Why can't we just use GPS?
GPS works outdoors with open sky — accuracy of 1–5 meters. Inside a building, GPS signal is blocked. Even outdoors, 1 meter accuracy is insufficient for a robot navigating around furniture or a car driving between lanes. SLAM provides centimeter-level localization in any environment, without external infrastructure.
Odometry and drift
Odometry tracks position by integrating wheel encoder counts: "I moved forward 1m, turned 90° left, moved 0.5m." This works in the short term, but small errors accumulate — the robot thinks it's at [5.3, 2.1], but it's actually at [5.8, 1.7]. SLAM corrects this drift by recognizing previously-seen landmarks and adjusting the entire trajectory to be consistent.
How SLAM works — the core concepts
Feature extraction and landmarks
The robot extracts distinctive features from sensor data — corners from LiDAR scans, visual keypoints from cameras. These become "landmarks" on the map. Each time the robot sees a landmark, it gets information about its own position relative to that landmark. Accumulate enough of these observations and you can triangulate position accurately.

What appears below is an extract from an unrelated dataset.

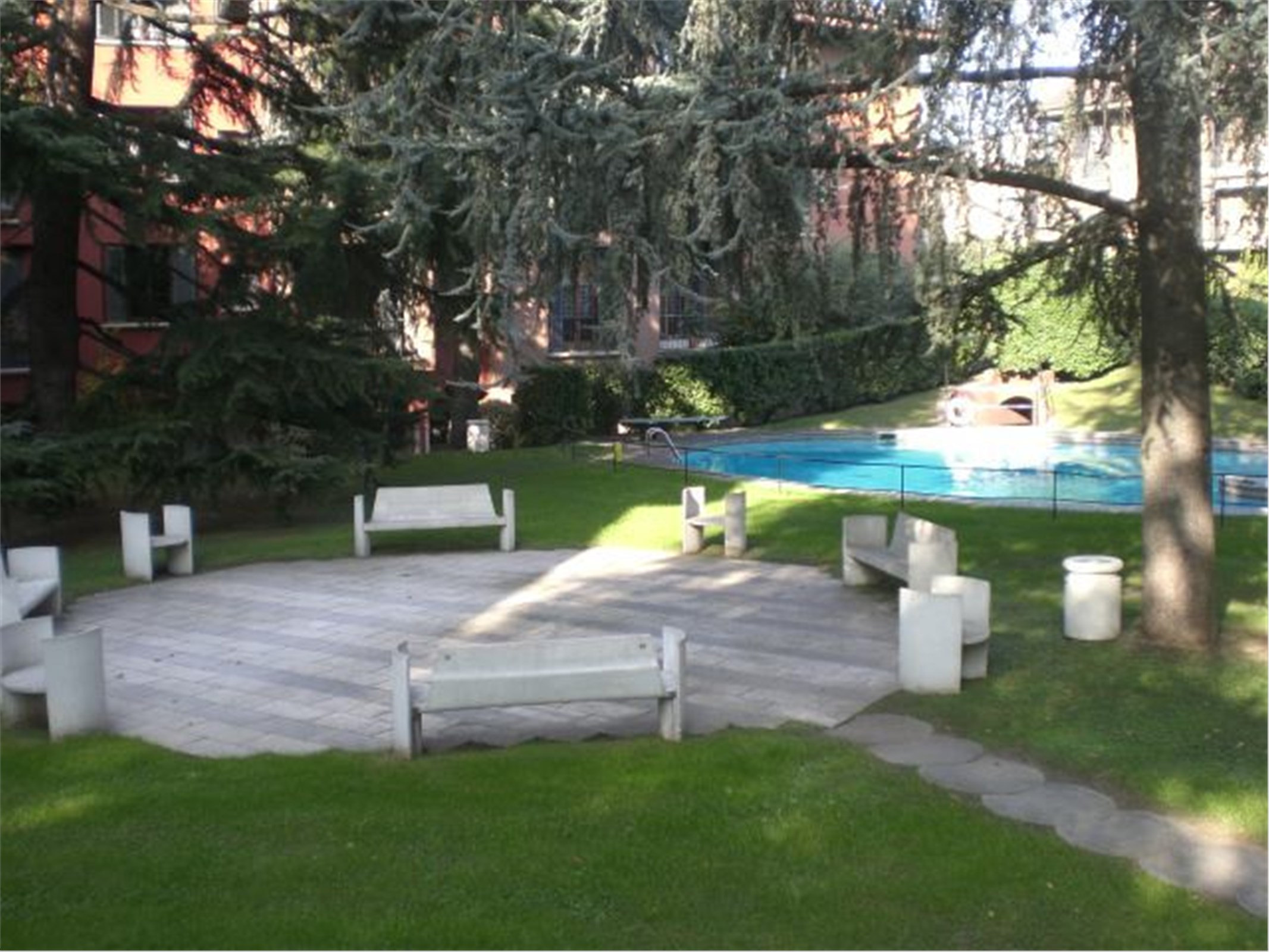 Via Osma Carlo - zona San Siro, MM Lampugnano. In tranquillissimo complesso residenziale signorile e riservato con servizio di portierato 24h, piscina, delizioso giardino condominiale, tranquillo appartamento di 140mq al primo piano prospiciente il verde. Lo spazio abitativo si compone di soggiorno, 3 camere da letto, 2 bagni, cucina abitabile con balcone, garage. Arredamento: cucina arredata nuova e armadiature. Pavimenti in parquet. A/C. Canone mensile comprese spese condominiali, riscaldamento centralizzato e acqua calda € 2.025,00. Disponibile. Classe Energetica E 122,78 kWh/m2a. SOLO CONTRATTO IN CEDOLARE SECCA.

Loop closure — the magic moment
When the robot recognizes a place it's been before (a "loop closure"), it has a strong constraint: it knows its current position relative to that earlier position. This lets it correct accumulated drift across the entire trajectory at once. Loop closure detection is what separates good SLAM systems from mediocre ones — it's the key to long-term accuracy.
The factor graph
Modern SLAM represents the problem as a factor graph: nodes are robot poses (at different times) and landmark positions; edges are sensor observations that constrain relationships between nodes. SLAM becomes a graph optimization problem — find the pose/landmark values that best satisfy all the constraints. Libraries like GTSAM and g2o solve this efficiently.
Types of SLAM
LiDAR SLAM
Uses a 2D or 3D LiDAR to build maps. Most reliable and accurate — LiDAR gives direct, precise distance measurements. Popular implementations: Cartographer (Google, 2D/3D, ROS), LOAM and its variants (3D LiDAR, autonomous vehicles), SLAM Toolbox (ROS 2, beginner-friendly). If your robot has LiDAR, start with SLAM Toolbox.
Visual SLAM
Uses cameras instead of LiDAR. Cheaper hardware, but more computationally demanding and more sensitive to lighting. ORB-SLAM3 is the gold standard for monocular, stereo, and RGB-D cameras. RTAB-Map (Real-Time Appearance-Based Mapping) supports LiDAR, RGB-D, and stereo, and has excellent ROS 2 support with loop closure and 3D map building.
Visual-Inertial SLAM
Combines camera data with an IMU. The IMU provides high-frequency orientation and motion data between slower camera frames — dramatically improving robustness when the robot moves quickly or the scene lacks visual features. Used in drones, AR headsets, and mobile robots that need reliable localization in dynamic environments.
SLAM in ROS 2
SLAM Toolbox (recommended for beginners)
The official SLAM package for ROS 2. Works with 2D LiDAR. Install: sudo apt install ros-humble-slam-toolbox. Launch: ros2 launch slam_toolbox online_async_launch.py. Subscribe to your LiDAR topic, drive your robot around, and watch the map build in RViz2 in real time. Full navigation integration with Nav2.
Nav2 integration
Once you have a SLAM map, ROS 2 Navigation (Nav2) can use it for autonomous navigation. SLAM provides the map and robot pose; Nav2 provides path planning, obstacle avoidance, and motor commands. The two work together seamlessly — SLAM feeds Nav2, Nav2 drives the robot, which generates new sensor data for SLAM to update the map.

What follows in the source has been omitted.